The troops from Jordan will arrive in Haiti sometime before the Caribbean nation holds parliamentary elections in October, a spokesman at U.N. headquarters in New York said July 29.
The announcement on Haiti-bound Jordanian troops follows a July 19 announcement by Philippines President Gloria Macapagal-Arroyo that she will be sending 200 soldiers from her country to join the U.N. peacekeeping mission in Haiti, known as MINUSTAH, as part of the Philippines' "engagement in the world in keeping peace."
The additional forces from Jordan and the Philippines would give MINUSTAH more than 1,000 personnel in Haiti working to stabilize the country.
The United States is also providing some of the civilian police and military personnel for MINUSTAH, which is being led by Brazil.
In a separate announcement, a U.N. official said July 29 that MINUSTAH is making "slow headway" on the many challenges facing Haiti.
But Jean Guéhenno, the U.N. under secretary-general for peacekeeping operations, said MINUSTAH lacks "specialized capabilities" for the urban confrontations it experiences daily in Haiti.
Guéhenno said security in the Caribbean nation, where MINUSTAH has been deployed since June 2004, is the immediate and fundamental challenge, without which "no progress is certain."
The official said security improvements have been made in Bel Air, an impoverished district of Haiti's capital city of Port-au-Prince. But he said no improvement has been made in another shantytown of Port-au-Prince, called Cité Soleil, where citizens have been the victims of gangs.

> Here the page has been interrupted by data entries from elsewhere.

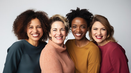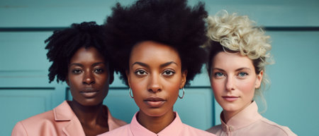 Portrait of multi-racial women standing together, their expressions confident and proud, celebrating sisterhood.
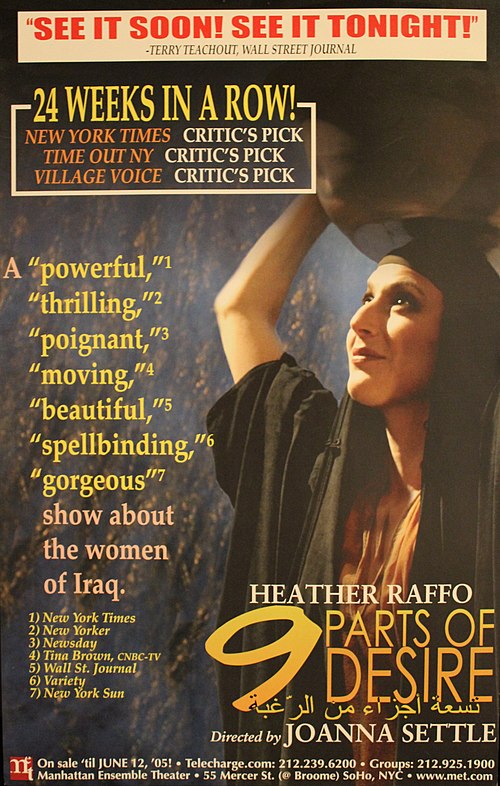 Raffo is perhaps most famous for her notable role in the one-woman play ‘9 Parts of Desire,’ her play that focuses on the lives of women in Iraq. Heather conceived of the play during one of several visits with Iraqi relatives. She attributed it also to a trip to the Saddam Art Centre in Baghdad, where she saw only billboard-sized portraits of Saddam Hussein, and in a back room at the Centre, a painting of a nude woman clinging to a barren tree. As Heather later noted about the painting, she took a photo of it, and on returning to the U.S., she “devised a way of replicating the painting into a play.” It was a decade later that she completed the play, which features monologues by nine highly distinct Iraqi women, all played by herself in some versions.
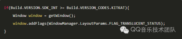 对于Android 4.4以上5.0以下的版本,设置透明状态栏的方式如下:
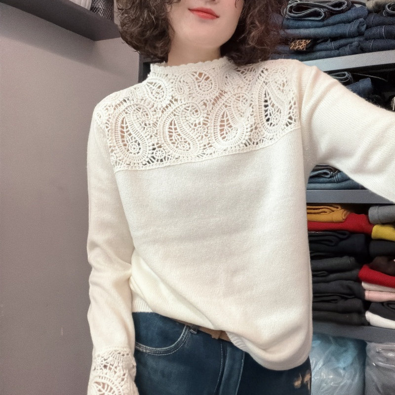 100%山羊绒 法式优雅女人 蕾丝花瓣领重工刺绣打底羊绒针织衫毛衣
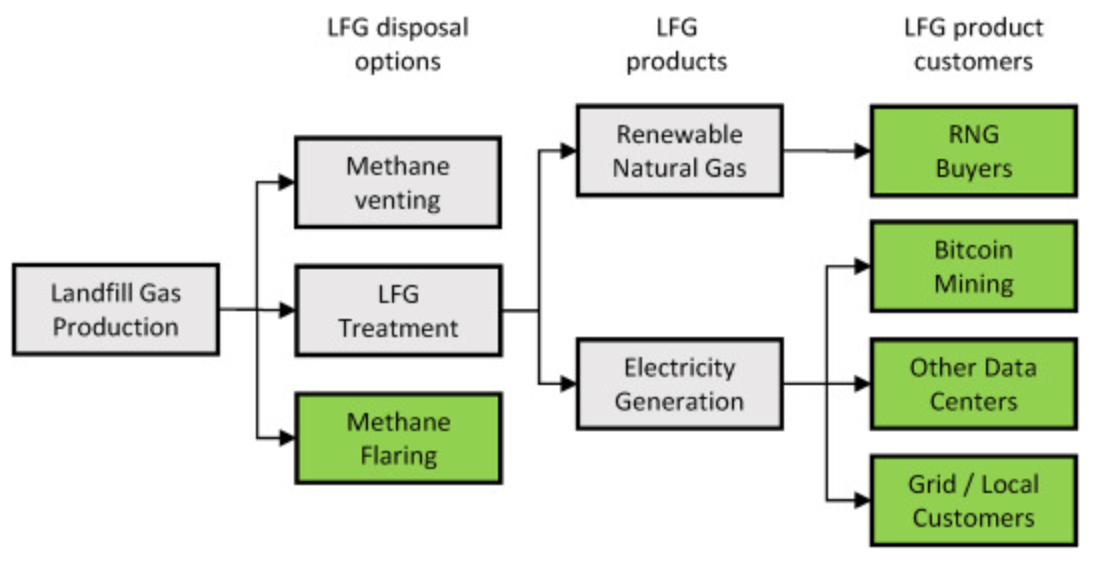 Иллюстрация, показывающая поток отводимого метанового газа в полезную энергию. Источник: ScienceDirect
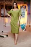 Платье женское полуприлегающего силуэта, на подкладке. Вырез асимметричный, с одной стороны бретель с кокосовой пуговицей. На полочке и спинке кокетка из отделочной ткани. Рукав цельнокроеный до локтя на манжете. На полочке накладные карманы со складками. В боковых швах разрезы.
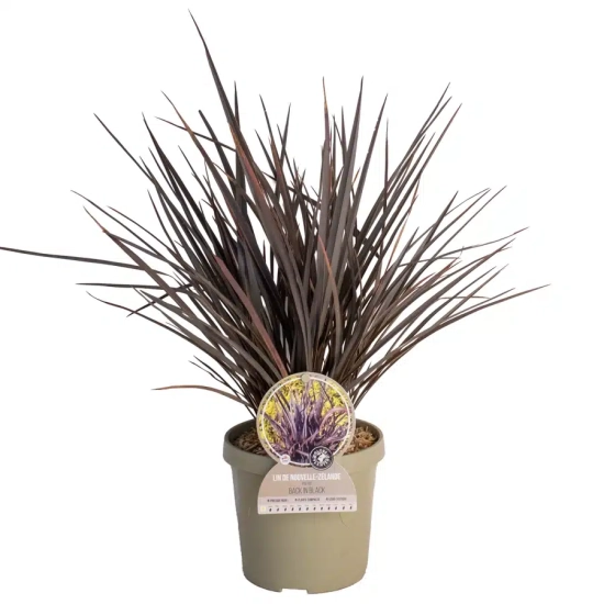 Idéale en tant que plante d’ornement, le Lin de Nouvelle-Zélande 'Back in Black' peut servir de point focal, de brise-vue ou d’élément structurant dans les jardins contemporains. Il s’intègre parfaitement dans des massifs variés, des jardins aquatiques ou même des ambiances méditerranéennes. Vous pouvez aussi le cultiver en pot, ce qui le rend parfait pour les balcons ou terrasses. Sa couleur graphique et sa structure résistante en font une excellente option pour ajouter de la texture et du contraste à votre espace extérieur. Idéal associé au Lin De Nouvelle Zelande Platts Black Phormium Tenax Platts Black et au Lin De Nouvelle Zelande Rainbow Sunrise Phormium Tenax Rainbow Sunrise pour composer un décor cohérent au fil des saisons.

MINUSTAH has carried out a number of military actions in these two areas, Guéhenno said. However, "it is not easy for MINUSTAH to conduct these operations because, operating in an urban environment, ideally you need the kind of very specialized capacities that the mission doesn't really have," he added. "But this security situation needs to be addressed urgently."

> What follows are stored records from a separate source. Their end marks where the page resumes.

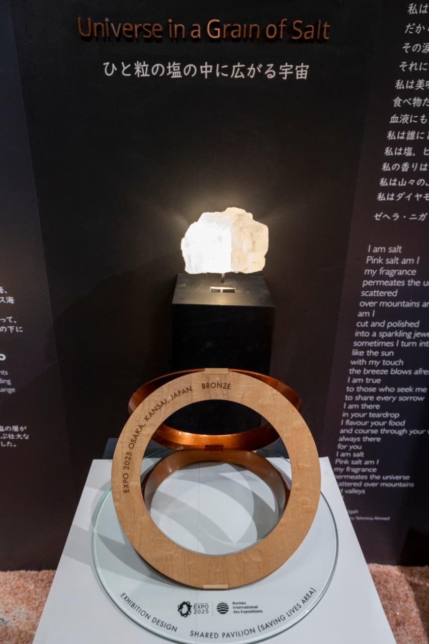 「いのち輝く未来社会のデザイン」をテーマとする2025大阪・関西万博において、パキスタンパビリオンは、アーティストのヌールジャハーン・ビルグラミ氏がキュレーションを担当し、パキスタンの文化・鉱物資源・伝統工芸・創造性を総合的に紹介しました。メイン展示「Universe in a Grain of Salt(ひと粒の塩に宿る宇宙)」では、パキスタン産のピンク岩塩を用いた幻想的な演出が話題を呼び、国内外から高い評価を得ました。
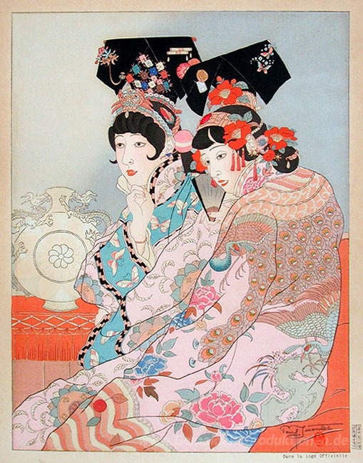 Wir bieten Ihnen eine handgefertigte Reproduktion auf Leinwand des berühmten Kunstwerks 'Dans La Loge Officielle' von Paul Jacoulet, aus dem Reproduktionsmuseum.
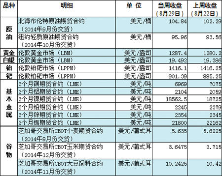 國際大宗商品期貨價(jià)格明細(xì)表[2014-9-1]
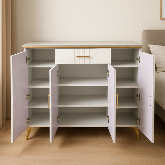Enhance the elegance and functionality of your living space with the Cabinet 4 Door & 1 Drawer 618. This stylish piece offers ample storage space while complementing any room decor with its sophisticated white and gold finish. The four doors provide easy access to your belongings, and the additional drawer offers extra storage for smaller items. Ideal for organizing your home or office, this cabinet combines practicality with a chic aesthetic.
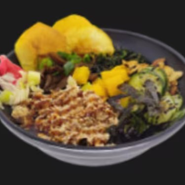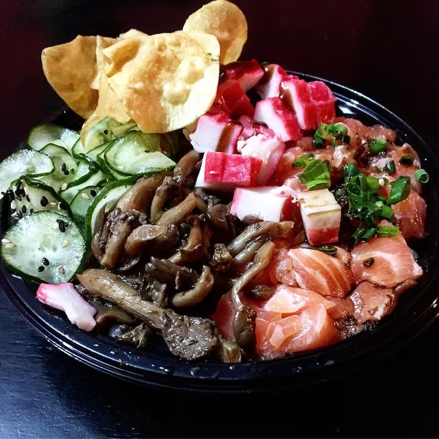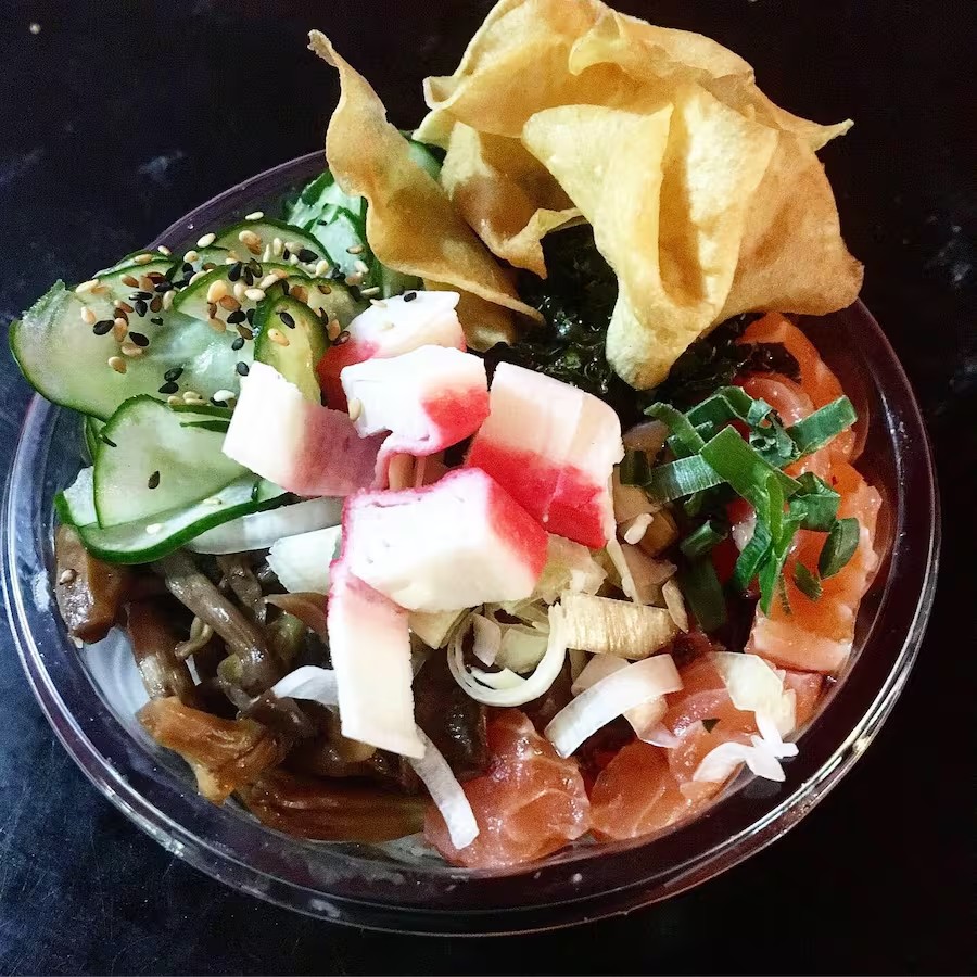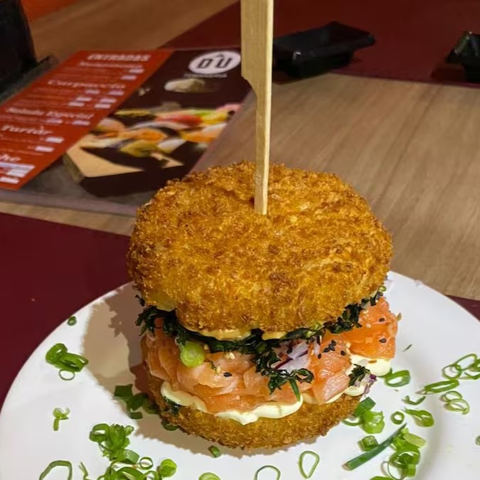 Arroz empanado e frito, molho da casa, cebola roxa, couve crispy frita, cream chesse, gergilim, cebolinha e salmao
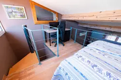 On the top floor, the master suite will amaze you with its cathedral ceiling, reaching nearly 4 meters. You'll discover a custom-made dressing room, a sumptuous bathroom with a jacuzzi, and a separate toilet. From the bedroom, you access a second 8 m² roof terrace, perfect for contemplating the picturesque village life. A final staircase leads to a cozy mezzanine, converted into a guest bedroom.
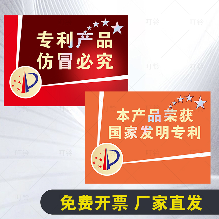 专利产品仿冒必究外观专利技术专利机械产品防伪标签警告警示标志标识定制
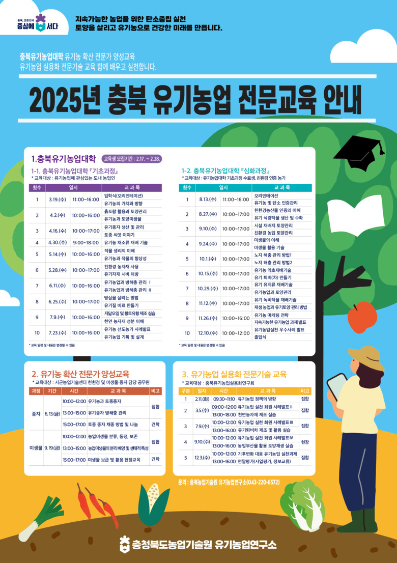 한편, 충북유기농업대학은 2016년 유기농업연구소 개소와 함께 유기농업 전문 인력 양성을 위해 개설된 교육과정으로, 2024년까지 총 569명의 졸업생을 배출했다.
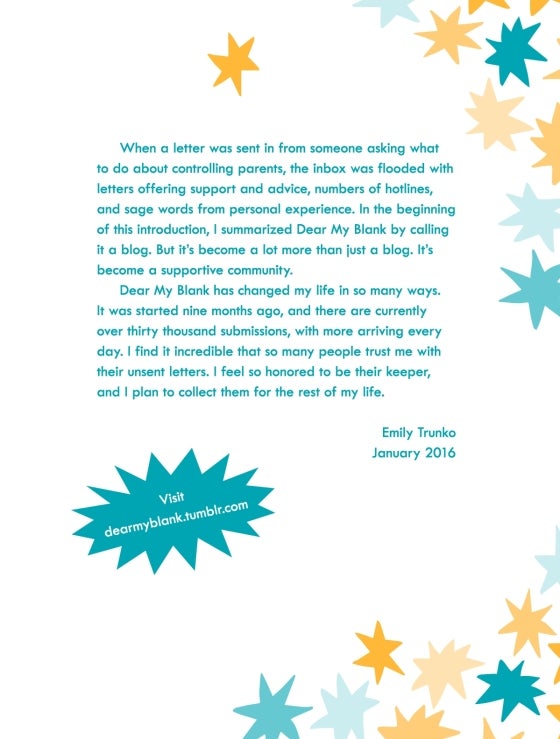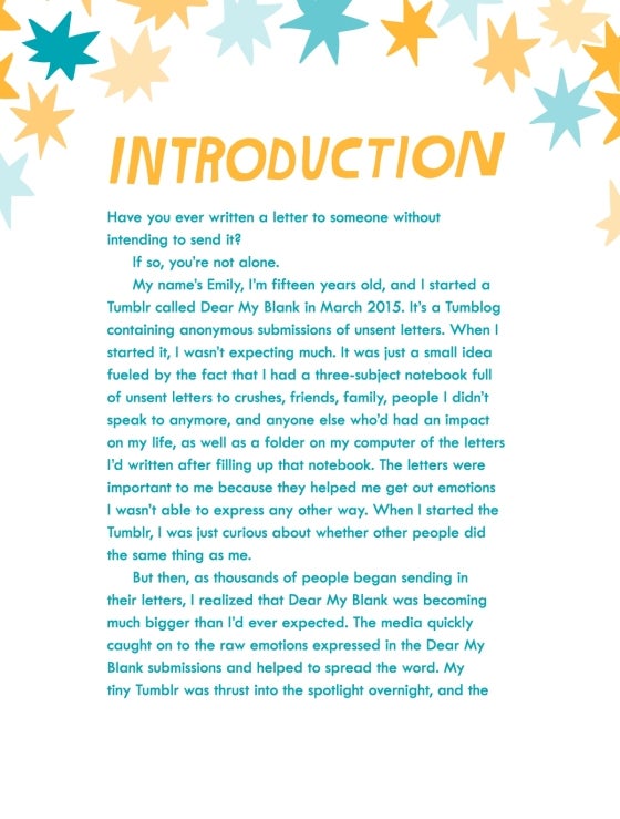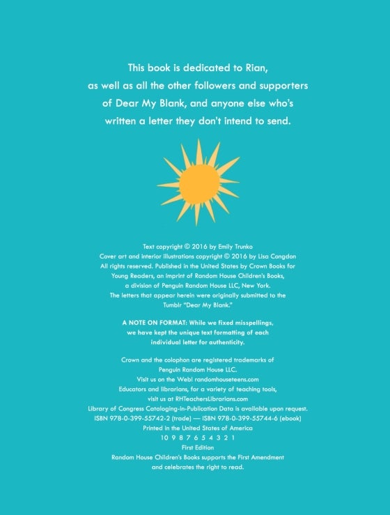 Look inside! Dear My Blank Secret Letters Never Sent Author Emily Trunko Illustrated by Lisa Congdon Buy! Dear My Blank select book format Ebook Amazon Apple Books Barnes & Noble Books A Million Google Play Kobo For Ages 14 to – 99 Under the Cover

Another challenge facing MINUSTAH, Guéhenno said, is the need to assist with Haiti's upcoming elections, which he said could be a "foundation for stabilization or could further divide the country."
Haiti's municipal elections are scheduled for October 9. This will be followed by legislative and presidential elections November 13. A new Haitian president is expected to take office February 7, 2006.
The United States is providing $15 million to support the Haitian elections -- part of a $44 million commitment from the international community to promote democracy and stability in the Caribbean nation. The United States provided $8.7 million in 2004 to support Haiti's electoral process.